A question. Who decides what care he can have/needs after eligibility is established. I need the carers now. Do I have to wait until CHC is agreed, or do they have to pay for care in place if they have stated on DST that he needs 2 carers in all activities of daily living? and Needs above routine care?
I applied, last year, for Continuing Healthcare (CHC) for my husband who suffers from Alzheimers. Although the initial application and Checklist seemed to be relatively trouble free, the Decision Support Tool (DST) and what has followed has been a war of attrition.

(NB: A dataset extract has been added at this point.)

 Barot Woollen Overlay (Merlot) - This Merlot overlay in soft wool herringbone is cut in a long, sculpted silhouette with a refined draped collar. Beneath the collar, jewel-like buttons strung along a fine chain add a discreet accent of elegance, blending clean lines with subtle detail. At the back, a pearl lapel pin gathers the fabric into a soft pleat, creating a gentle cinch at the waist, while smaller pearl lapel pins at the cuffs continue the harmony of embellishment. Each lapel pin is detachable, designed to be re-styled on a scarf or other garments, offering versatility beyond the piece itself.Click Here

After many delays and some very underhand behaviour, CHC team member phoning our mental health professional to try to persuade her to lower her score of Severe for behaviour, and several other questionable activities, a meeting we had last week has come up with a ‘Jointly funded package’ suggestion. Obviously this means the ‘social’ aspects will be means tested. I’m told that a Matrix is used to calculate the proportion of Health to Social Care funding. I told the Clinical Lead, who came up with this, that my experience to date has been one of interpretation and manipulation rather than looking at the raw needs and matching these to the guidelines laid down in the Framework. He tried to assure me that this ‘tool’ is objective but, as I said, the formula can only be applied once the data is entered and the data can be manipulated.

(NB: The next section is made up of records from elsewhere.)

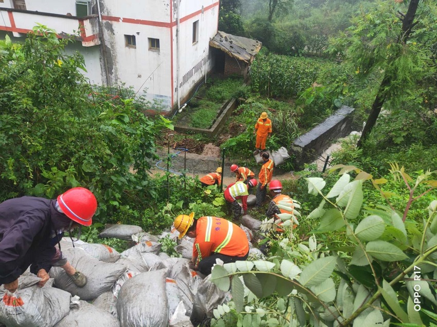 3、“除”較大隱患。尖山子隧道棄土場雨水過大導致水流外溢,公司及時用沙袋增高排水溝高度,同時,抓住時機在雨水短暫停歇時加緊砌磚加固,進一步防止水流外溢。
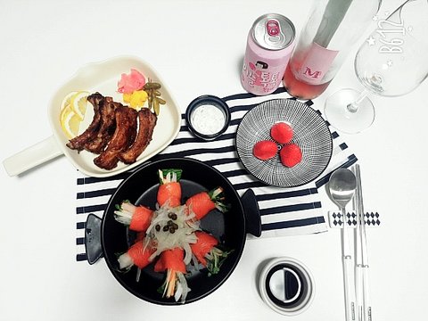 3. 쪽갈비구이 + 연어말이
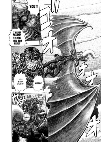 In this world is one man who knows about the Apostles and tries to kill them. He's a haunted-looking man in his twenties who wanders the world with a giant sword strapped to his back, a sword about one foot wide and six feet long. "It was too big to be called a sword…it was more like a hunk of iron," people think when they see it. His body is covered with scars, and he is missing an eye. He is also missing a forearm, but strapped in its place is a metal arm with a built-in repeating crossbow and a hand cannon. People call him the "black swordsman," but his real name is Guts. (Plenty of American otaku call him Gattsu, because that's how it sounds phonetically in Japanese, although Miura has written Guts' name in English in the character bios for the last 15 or so volumes. Get with it, people! Also, it's Vegeta, not Bejita!)
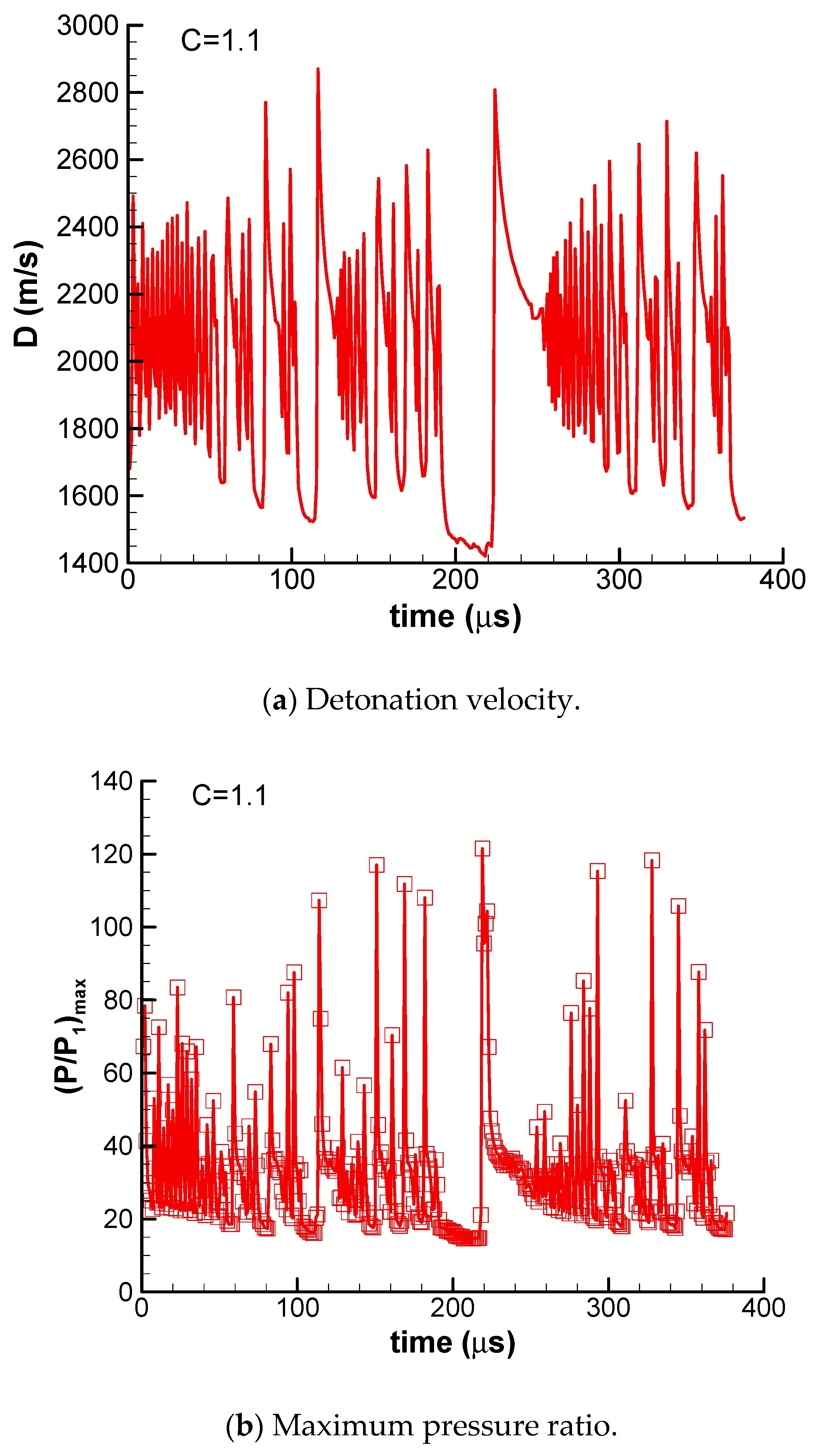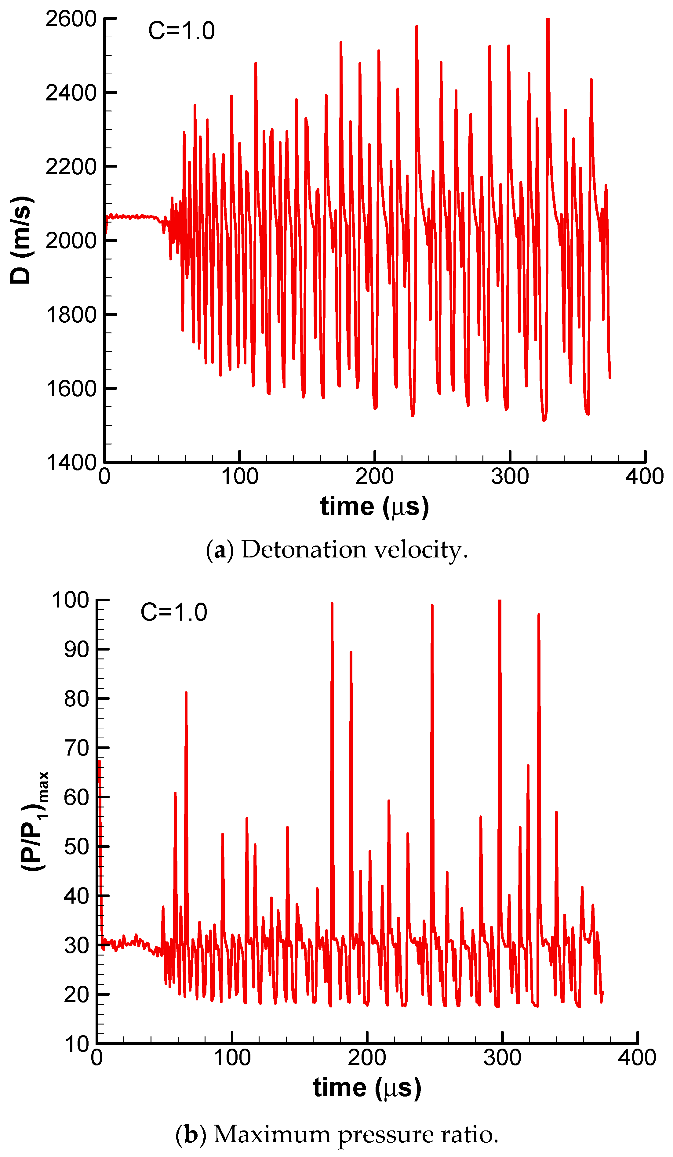 The detonation velocity and maximum pressure ratio of pulsating detonation (C = 1.1) are shown in Figure 10. It can be found that the detonation shows pulsating behavior or chaotic behavior under higher activation energy. The detonation velocity oscillates very violently between 1400 m/s and 2900 m/s, and the maximum pressure ratio oscillates very violently between 15 and 120. Additionally, it looks like the detonation is quenched at about t = 210 μs and the reignition occurs at about t = 220 μs.

It has been recognised that my husband does indeed have health needs but they are still holding out against a ‘primary health need’. He has a score of Severe for Cognition and a disputed Severe for Behaviour; his Mental Health and Social Workers and the staff at the Day Centre he attends, are all adamant that his Behaviour is Severe but the CHC are determined it is only High. He also has 5 Moderates and 2 Low scores.
I have spoken to a specialist solicitor today and he drew my attention to the National Framework which deems someone eligible if they have 1 Severe together with several needs in other Domains. I have just emailed all the relevant personnel informing them of this.
Any useful information about Jointly Funded Care Packages would be most welcome.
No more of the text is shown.